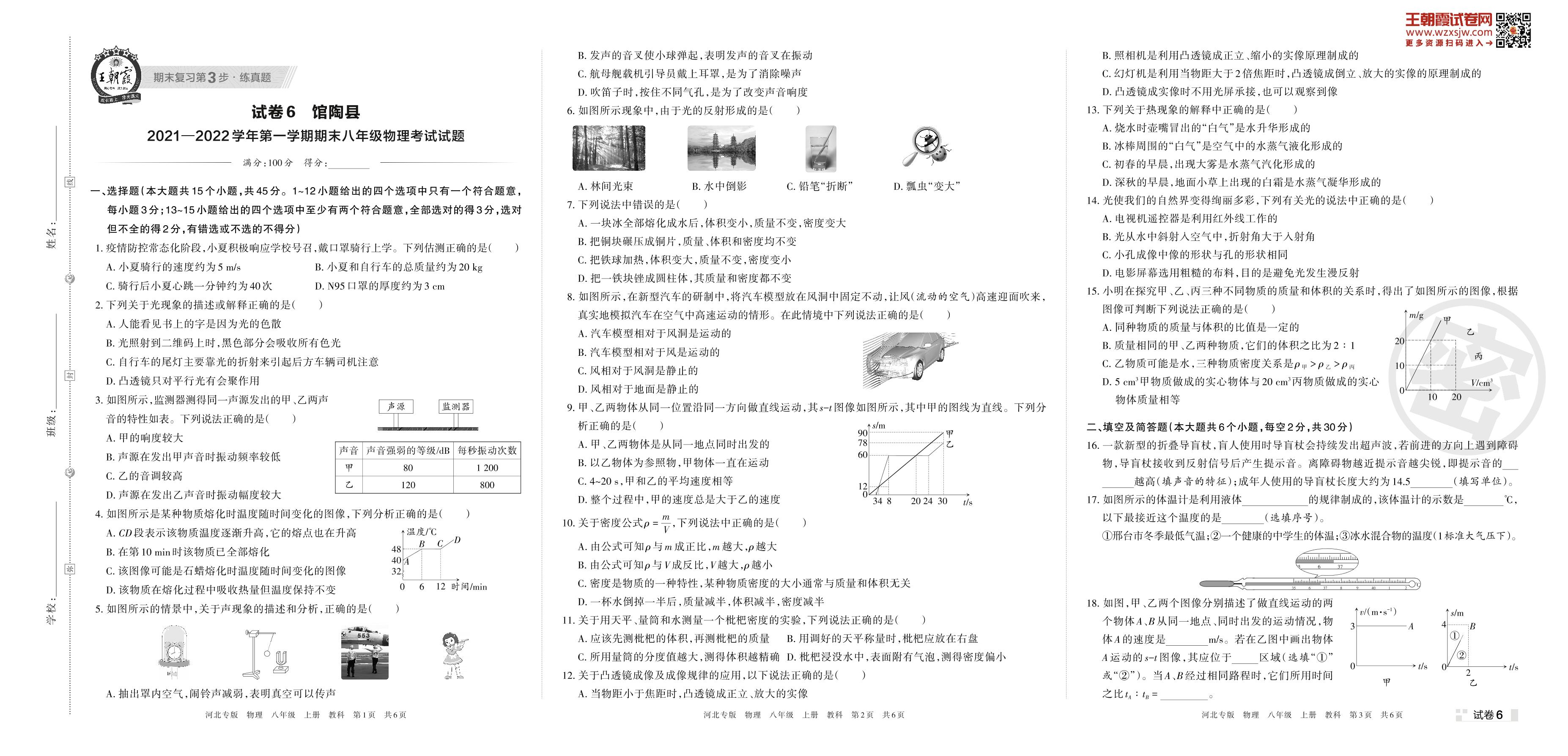 馆陶县2021—2022学年第一学期期末八年级物理考试试题(教科版)【6】
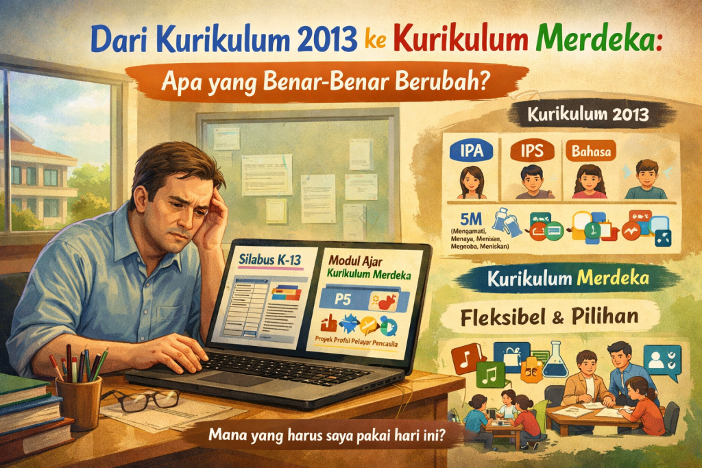 Di suatu pagi di sebuah SMA negeri pinggiran kota, seorang guru sejarah membuka laptopnya dan menatap layar dengan ekspresi yang sulit dibaca antara bingung dan pasrah. Di depannya terbuka dua dokumen: silabus K-13 yang sudah ia hafal luar-dalam selama bertahun-tahun, dan modul ajar Kurikulum Merdeka yang baru saja ia unduh dari platform Merdeka Mengajar. Mana yang harus saya pakai hari ini?
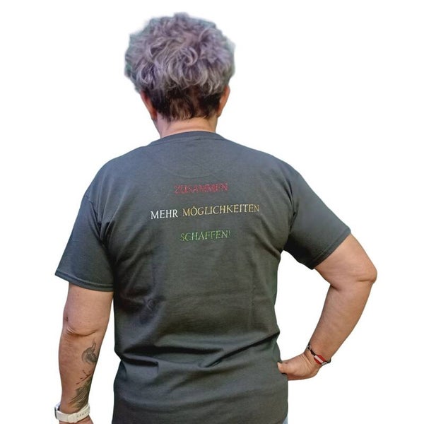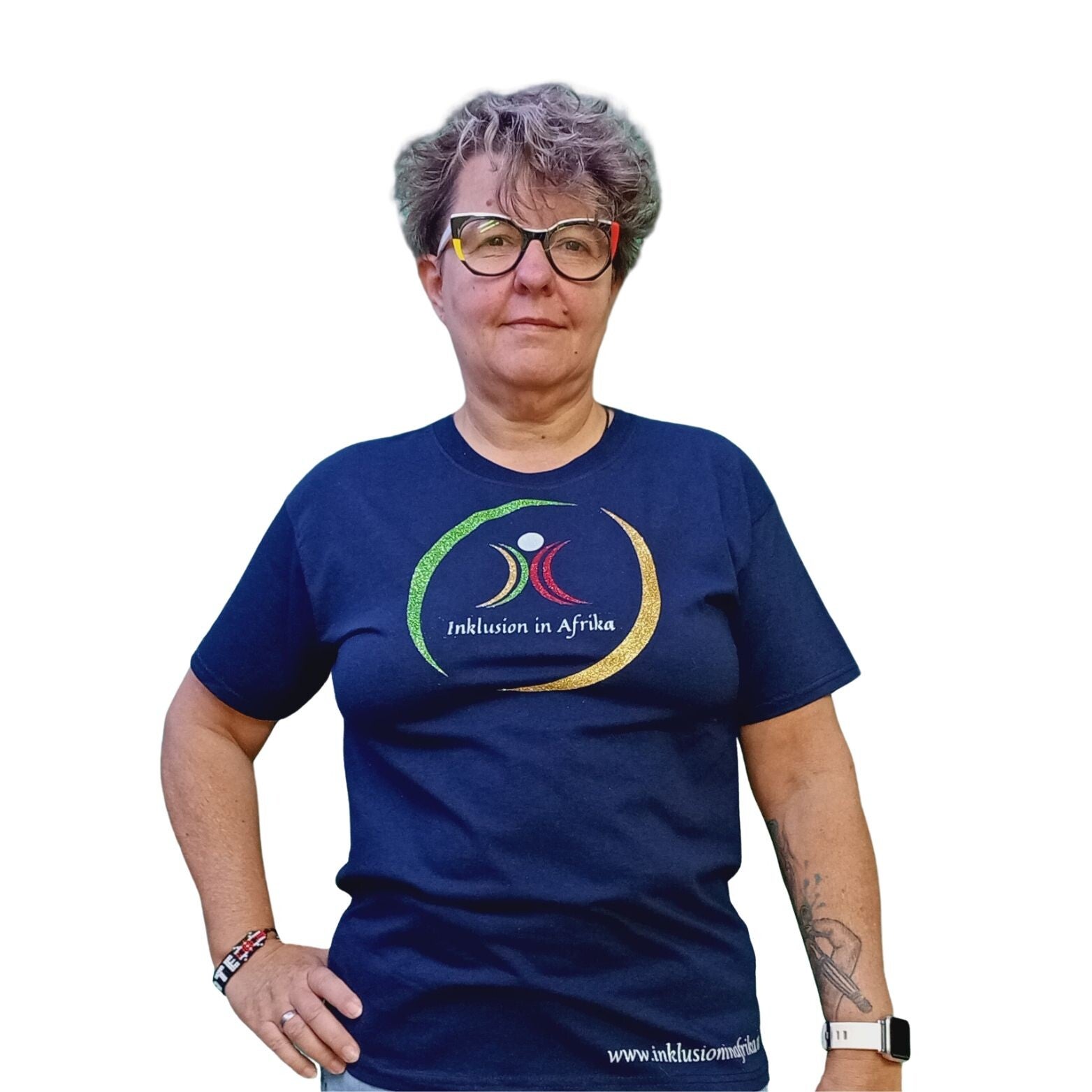 T-Shirt der Marke Fruit of the Loom mit Logo Inklusion in Afrika ist gerade geschnitten und mit Glitzerfolie bedurckt.
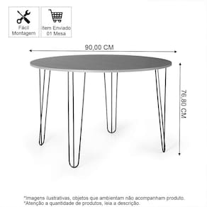 Mesa de Jantar Redonda 4 Lugares 90cm Base de Ferro Hairpin
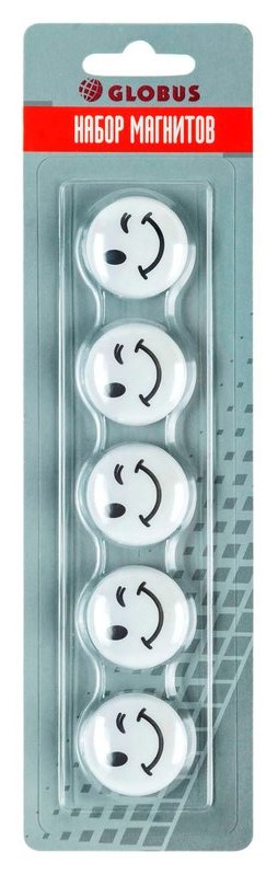 Набор магнитов 30 мм 5 штук, белые Globus "Смайлики"
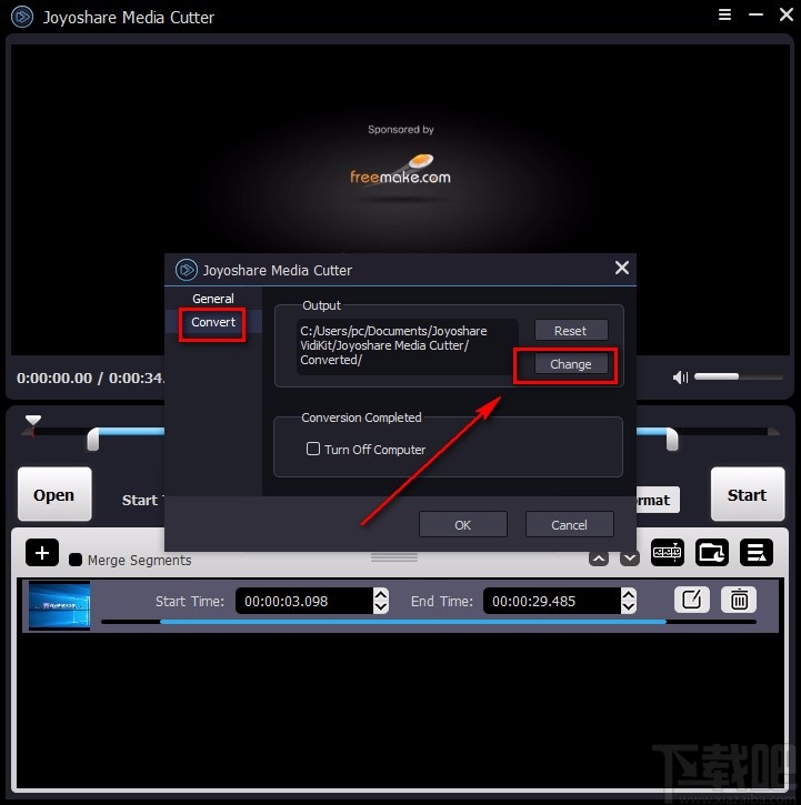 6.紧接着在界面上就会出现一个对话框,我们在对话框左侧点击“Convert”选项,并点击对话框右侧的“Change”按钮。
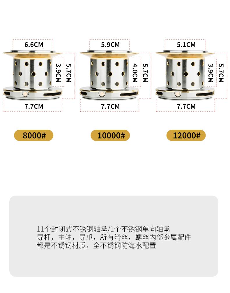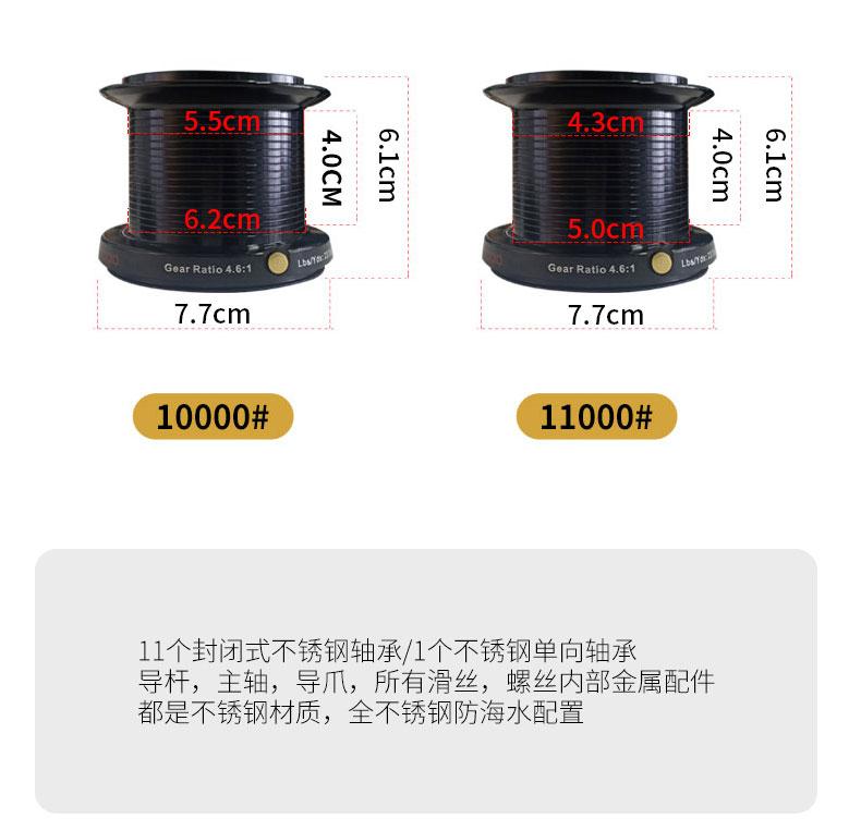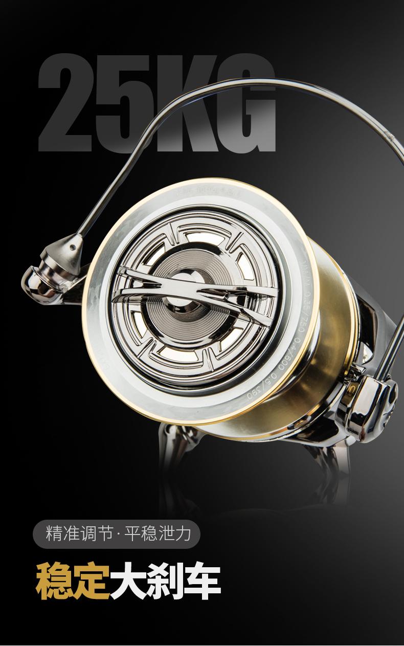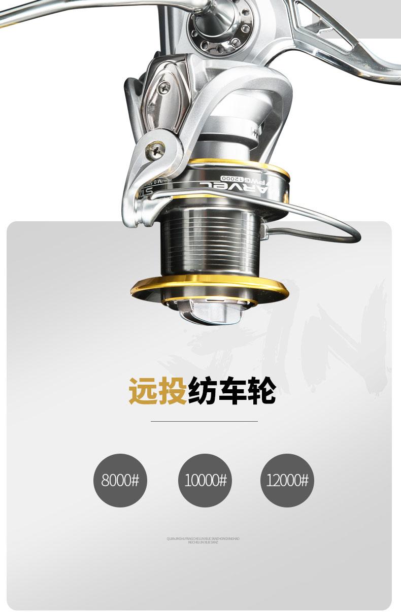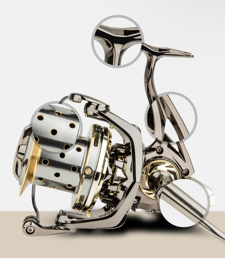Rueda giratoria de largo alcance totalmente metálica sin espacio, rueda de pesca con ancla oblicua, caña de pescar, caña de pescar tipo 10000, carrete de pesca
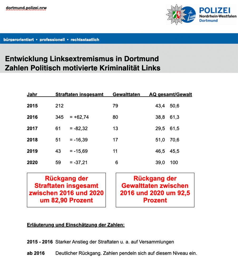 Die rechtsextremistischen Straf- und Gewalttaten sind in Dortmund deutlich rückläufig
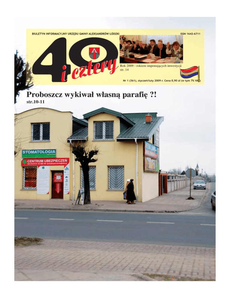 Rok 2009 - rokiem imponujących inwestycji str. 14 Nr 1 (361), styczeń/luty 2009 r. Cena 0,90 zł (w tym 7% VAT) Proboszcz wykiwał własną parafię ?! str.10-11 INWESTYCJE Hala w rok Jedna z najważniejszych tegorocznych inwestycji, hala sportowa przy Zespole Szkół Sportowych, powstanie jeszcze w tym roku, a nie w 2010 jak zakładano. Powód jest prosty — oszczędności jakie z takiego przyspieszenia spodziewa się pozyskać gmina. Według wyliczeń, koszt hali nie powinien przekroczyć 5 mln złotych, choć wstępnie zakładano, że będzie o ponad milion droższy. Nowoczesna hala lekkoatletyczna będzie jedyną taką halą w Polsce, wybudowaną przy szkole. Jej wymiary to 63 x 24 metry, więc możliwe będą treningi lekkoatletyczne. Na hali znajdzie się miejsce na bieżnie, stanowiska do rzutu dyskiem, młotem czy kulą, skoku wzwyż, gry w koszykówkę i siatkówkę. — Szkoła będzie miała znakomite warunki funkcjonowania i trenowania świetnych sportowców — zapewnia Jacek Lipiński, burmistrz gminy. Pomysł wybudowania tak nietypowej hali był pomysłem nauczycieli z Zespołu Szkół Sportowych, którzy wymyślili salę mogącą spełniać warunki W numerze między innymi: do przeprowadzania normalnych lekcji wychowania fizycznego, jak i specjalistycznych treningów lekkoatletycznych. Realizacja inwestycji zacznie się prawdopodobnie wiosną. Do tego czasu uczniowie nadal ćwiczyć będą na korytarzach, bo choć mają salę gimnastyczną i boisko lekkoatletyczne, to dla wszystkich trenujących brakuje miejsca. Każdy uczeń (a jest ich w sumie 400) ma tygodniowo 10 godzin wychowania fizycznego plus 2 godziny treningów w sekcjach. (kbs) 100 tysięcy na 100 metrów Podopieczni Środowiskowego Domu Samopomocy przestaną dusić się w ciasnych pracowniach. Rozpoczął się remont pomieszczeń zwolnionych jesienią przez filię Powiatowego Urzędu Pracy w Aleksandrowie. PUP zrezygnował z całego drugiego piętra budynku przy ul. Piotrkowskiej, gdzie również mieści 2 się ŚDS. Remont mógł się rozpocząć dzięki 100 tys. złotych przekazanym przez Urząd Wojewódzki. Dom samopomocy zyska dzięki temu 100 metrów kwadratowych. W wyremontowanych pomieszczeniach mieścić się będzie pracownia rehabilitacyjna z prawdziwego zdarzenia, sala projekcyjna i konferencyjna, pracownia witrażu, czytelnia oraz łazienka przystosowana dla osób niepełnosprawnych. Obecnie w ŚDS jest 35 pensjonariuszy i liczby tej nie można było zwiększyć z uwagi na brak miejsca. Po remoncie, który zakończyć się ma na początku lutego, środowiskowy dom wnioskować będzie o możliwość przyjęcia dodatkowych 5 osób. (kbs) Podsumowanie roku 2008 str. 4-9 Proboszcz wykiwał własną parafię?! str. 10-11 Konkurs trwa str. 12 Liceum z boiskiem str. 13 Użyteczny bezrobotny str. 13 Zagraliśmy rekordowo str. 14-15 Gospodynie na opłatku str. 16 Jasełkowe warsztaty str. 16 Zauroczeni Japonią str. 17 Rok imponujących inwestycji str. 18 Spotkanie z książką str. 18 Nikt tak nie kocha str. 19 Krzyż zasługi dla burmistrza str. 19 Światełko w ratuszu str. 20 Paczki dla najmłodszych str. 21 „Wyborcza” o Lipińskim str. 21 Czas zatrzymany na scenie str. 22 100 dni przed maturą str. 23 Opłatek u emerytów str. 25 Sylwester 2008/2009 str. 27 Wydarzenia MDK str. 28 Anioł w bibliotece str. 30 Ferie z rakietką str. 34 Druga Otylia? str. 34 Jedynka nie zwalnia... str. 35 TELEFON REPORTERSKI 712 11 24 „40 i cztery”. Biuletyn Informacyjny Urzędu Gminy Aleksandrów Łódzki. Ukazuje się od 1991 r. Adres redakcji: 95-070 Aleksandrów Łódzki, pl. T. Kościuszki 2, parter, pok. 25, tel./faks 042 712 11 24 Gazetę redagują: Dorota Bełdowska-Zemła - red. nacz. tel. 0605 252 849, e-mail: [email protected] Krystyna Buda-Sowa, tel. 0602-370-567, e-mail: [email protected] Tomasz Barszcz, tel. 42 27 00 343, e-mail: [email protected] Wydawca: Urząd Gminy Aleksandrów Łódzki pl. T. Kościuszki 2, 95-070 Aleksandrów Łódzki, tel. 042 712 10 18 Druk: Drukarnia „PRESTO”, ul. Daszyńskiego 81, 95-070 Aleksandrów Łódzki, tel. 042 276 38 72 Redakcja zastrzega sobie prawo do adiustacji tekstów i zmiany tytułów. Materiałów nie zamówionych nie zwracamy. Nie ponosimy odpowiedzialności za treść reklam, komunikatów i ogłoszeń. Zastrzegamy sobie prawo do zmiany terminu edycji ogłoszeń i reklam. 40 i cztery * styczeń/luty 2009 pomnik Odbudujemy Pomnik Tadeusza Kościuszki odzyska dawny wygląd. Na ostatniej sesji Rady Miejskiej w 2008 roku radni zgodzili się na jego odbudowę. Z takim pomysłem wystąpiło Towarzystwo Przyjaciół Aleksandrowa, które przez cały 2009 rok będzie zbierać na ten cel pieniądze. — Nastawiamy się głównie na zbiórki uliczne, które rozpoczniemy, jak tylko otrzymamy zgodę od burmistrza — mówi Leszek Pierlejewski prezes TPA. — Chcemy, by pomnik przywódcy insurekcji odzyskał pierwotny wygląd. Koszt przedsięwzięcia jest niemały, bo ponad 100 tys. zł, ale mam nadzieję, że z pomocą mieszkańców miasta uda się to przedsięwzięcie. Nie ukrywam, że liczymy też na wsparcie finansowe gminy. Stojący w centrum Aleksandrowa pomnik, zbombardowany został 7 września 1939 roku. Przedstawiał całą postać Tadeusza Kościuszki stojącego dumnie na cokole z ręką na głowni szabli. W 1964 roku mieszkańcy ufundowali nowy pomnik, ale dużo skromniejszy, bo na wysokim obelisku postawiono jedynie popiersie Kościuszki. (kbs) Nowe auto dla podopiecznych Nowiutki citroen jumper będzie dowoził podopiecznych z terenu gminy do Środowiskowego Domu Samopomocy w Aleksandrowie Łódzkim. Samochód w całości sfinansował Urząd Wojewódzki, na wniosek aleksandrowskiego OPS. Citroen wyposażony jest w 6 foteli w przedziale pasażerskim plus 2 dodatkowe w kabinie kierowcy. Łącznie poruszać się nim może 9 osób razem z kierowcą. Atutem jest to, że nawet wysoka osoba może w nim swobodnie stanąć, a umieszczenie foteli zaplanowano ta
--------------------
Beginning at the line that has "6.紧接着在界面上就会出现一" and ending at the line that has "Die rechtsextremistischen Straf- und", restate the listing above word for word, pictures left out.

 6.紧接着在界面上就会出现一个对话框,我们在对话框左侧点击“Convert”选项,并点击对话框右侧的“Change”按钮。
Rueda giratoria de largo alcance totalmente metálica sin espacio, rueda de pesca con ancla oblicua, caña de pescar, caña de pescar tipo 10000, carrete de pesca
 Die rechtsextremistischen Straf- und Gewalttaten sind in Dortmund deutlich rückläufig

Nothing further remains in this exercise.